3)  I watch a few minutes of a pro-alien Roswell movie.  When the officer looking at the debris field says to his colleague, "No one is out hunting for this.  This isn't one of ours," my chest starts to tingle.  So I want to believe the big interesting story.  This urge to believe seems suspicious.  It feels like a built-in bias in favor of nonEarth explanations. 

Therefore maybe we need to quote Simon and Garfunkel's 59th Street Bridge Song, "I'm come to watch your flowers growin', feelin' groovy, slow down, you're movin' too fast, all is groovy."  And I thought the 59th St Bridge Song was by some one-hit wonder.  Quite the opposite.  I first saw Paul Simon in Woody Allen's film, Annie Hall.  Simon invites Annie to come work with him in California.  On the verge of losing his girlfriend to the Surfer State, and to Paul Simon of all people, Woody's character Alfie, says, "Why would you want to live in a state where the chief cultural advantage is that you can make a right turn on a red light?"  I've always just about fallen off of my chair from that line.  I'd say it was more true for Idaho, and that California's chief cultural advantage is that you can surf year round.

Now the counterpoint.  Jesse Marcel Jr is an MD.  His dad brought home some odd things that first night from the crash site.  He was gone for a day or two.  When he came back, the young son looked expectantly at his dad for something interesting to hear.  What else had he learned after piquing the boy's curiosity?  What does dad do?  Shrugs it off.  More.  "We're never going to talk about that again.  That's all I can say about it."

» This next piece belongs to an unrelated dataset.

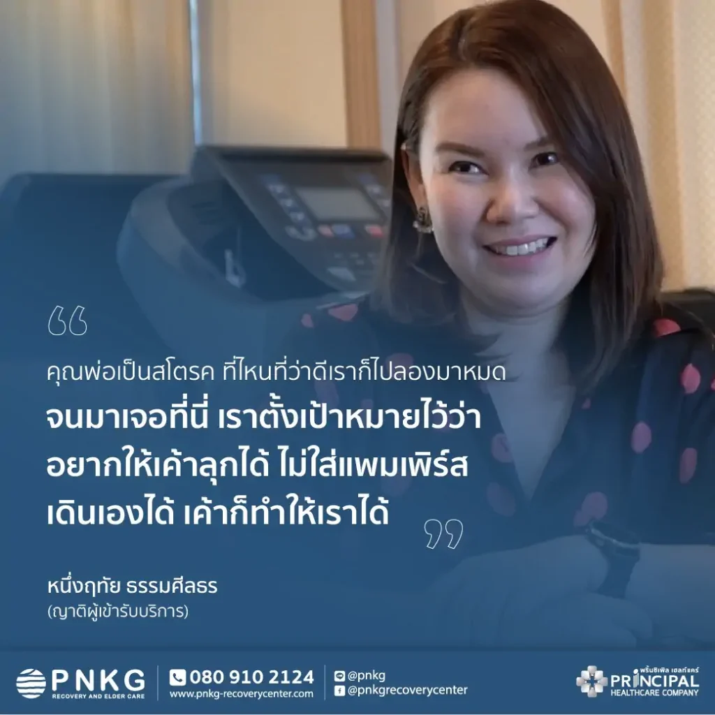 “ตอนคุณพ่อเป็นสโตรก ตอนนั้นวิกฤติมาก สภาพหดหู่ จริง ๆ แล้วพ่อดื้อมากนะคะ แต่ที่นี่คุณพ่ออยู่ได้ 47 คืน ตอนแรกคุณพ่อเหมือนตุ๊กตาล้มลุกเลยค่ะ ลุกนั่งไม่ได้เลย ต้องมีคนดันไว้ ถ้าปล่อยก็คือล้ม อยากให้คุณพ่อหาย อะไรว่าดี เราก็พาคุณพ่อไปรักษา ทั้งฝังเข็ม จี้ไฟฟ้า หลอกเขาไปทำสารพัด ก็ยังไม่หาย พอดีขับรถผ่าน เห็นบิลบอร์ดของโรงพยาบาลเกี่ยวกับการทำกายภาพบำบัด เลยลองติดต่อมา สิ่งแรกที่รู้สึกเลย คือ ที่ศูนย์เอาใจใส่มาก เราเลยตัดสินใจเปลี่ยนมารักษาที่นี่”

Let me try to recall when I was 10 and my Dad had something unusual that caught my attention.   What do you know when you're the dad of most conscientious ten-year-olds?  That parents are the source of many of the interesting things that come into the kids' lives.  My dad brings home some odd stuff from work and wakes us up in the night and says, "You kids have got to see this stuff."  First of all, he never did that once, so Dad Marcel must think he really has something different.  Then my Dad Paul, imagine, leaves for two days and comes back.  I've been waiting for this moment for 48 hours.  I turn and walk over to talk to him as he sits at the kitchen table.  "Hey, Dad, what was it?"  He's in a position to say something that's the highlight of my week.  That was easy when I was 6, and in a few years I won't care about almost anything he says.  So he would really like to give me some nice piece of info.  Paul turns slowly and looks me in the eye and says in his serious voice, "I was wrong, son.  It really wasn't anything to get worked up about.  In fact, I can't tell you anything more about it.  I can't talk about it."
"Why not?"
"That's the way things are at work sometimes, son, and I know it doesn't make sense to you, but it's all I can say."

What would make my Dad treat me that way?  Fear is the only explanation that comes to mind.  I have to conclude that Jesse Marcel Sr. was afraid of something, of talking, of saying any more about what he thought he knew, or he wouldn't have treated his children this way.  Doesn't it smell six ways to Sunday like, right there in the Marcel house in July, 1947, something was being covered up?  The odd, funny type of balloon used by Project Mogul just can't explain Marcel's response.

I've said before the problem with Roswell is that the official explanation is the sensible one, but its weakness is that it can't satisfy me on 27 or 127 fishy loose ends.  Major Marcel clamming up to his son is one more of those loose ends.  Does that prove an alien "Grey" died at Roswell?  No, but it hints at it.